Task brief:
The copy must match the data below line for line and contain no images.

Dataset content:
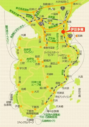 東名沼津インターから、伊豆縦貫道路を経由、熱函道路を利用し熱海を経て約1時間
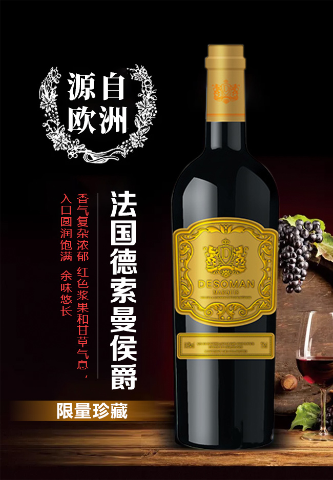 產品名:法國侯爵干紅葡萄酒【14.5度750ml】
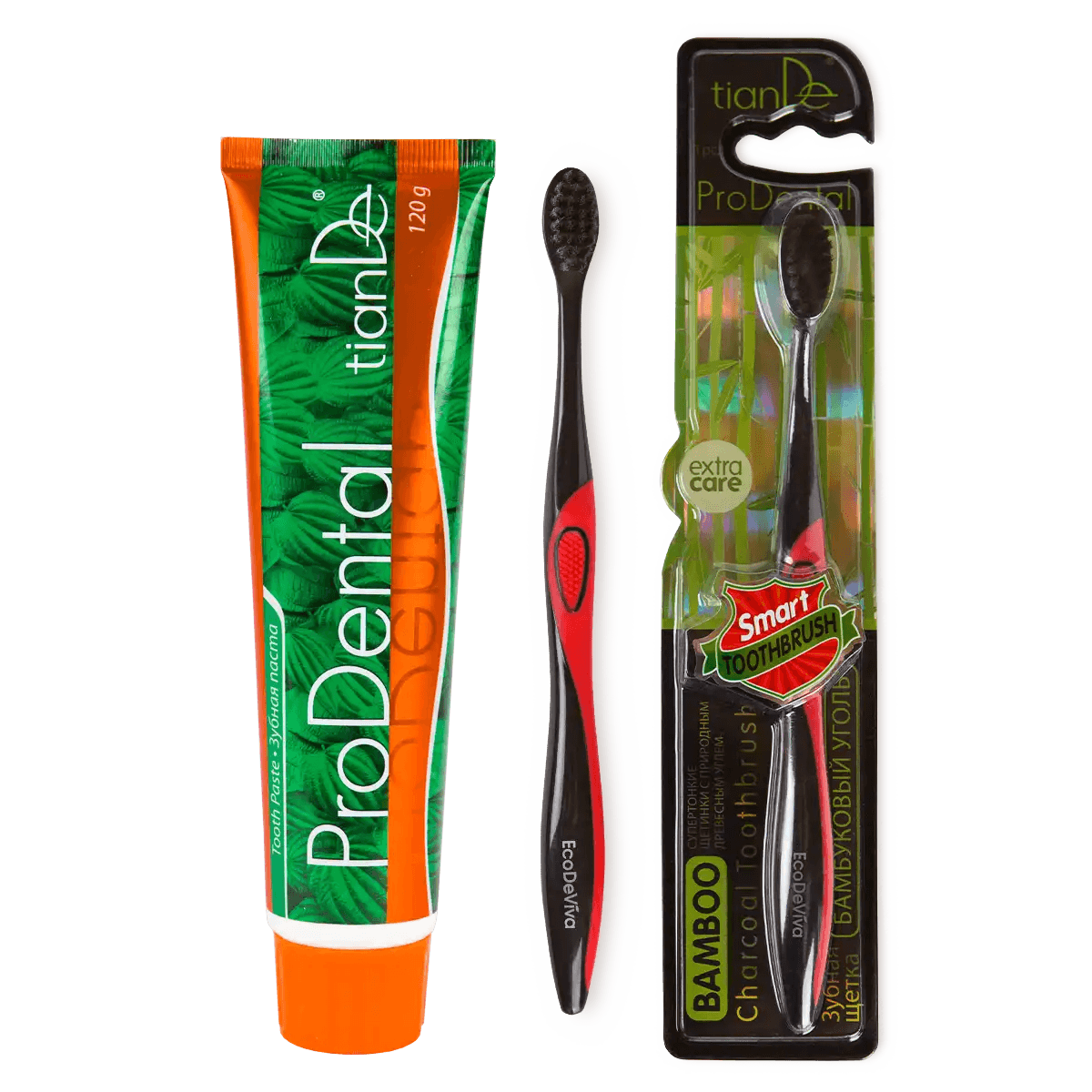 От чего зависит здоровье зубов и десен? От регулярного ухода и качественных средств гигиены! Эксклюзивная зубная паста «Проденталь» с пептидами оказывает комплексное воздействие, укрепляет ткани пародонта и эффективно снижает кровоточивость десен! Используй ее в комплексе с зубной щеткой «Бамбуковый уголь». Ее супертонкие щетинки с природным древесным углем отлично очищают и подходят даже при повышенной чувствительности зубов и ослабленных деснах. Условия Купи зубную пасту «Проденталь» – В ПОДАРОК зубная щетка «Бамбуковый уголь»! 1 = 2

Task response:
 東名沼津インターから、伊豆縦貫道路を経由、熱函道路を利用し熱海を経て約1時間
 產品名:法國侯爵干紅葡萄酒【14.5度750ml】
 От чего зависит здоровье зубов и десен? От регулярного ухода и качественных средств гигиены! Эксклюзивная зубная паста «Проденталь» с пептидами оказывает комплексное воздействие, укрепляет ткани пародонта и эффективно снижает кровоточивость десен! Используй ее в комплексе с зубной щеткой «Бамбуковый уголь». Ее супертонкие щетинки с природным древесным углем отлично очищают и подходят даже при повышенной чувствительности зубов и ослабленных деснах. Условия Купи зубную пасту «Проденталь» – В ПОДАРОК зубная щетка «Бамбуковый уголь»! 1 = 2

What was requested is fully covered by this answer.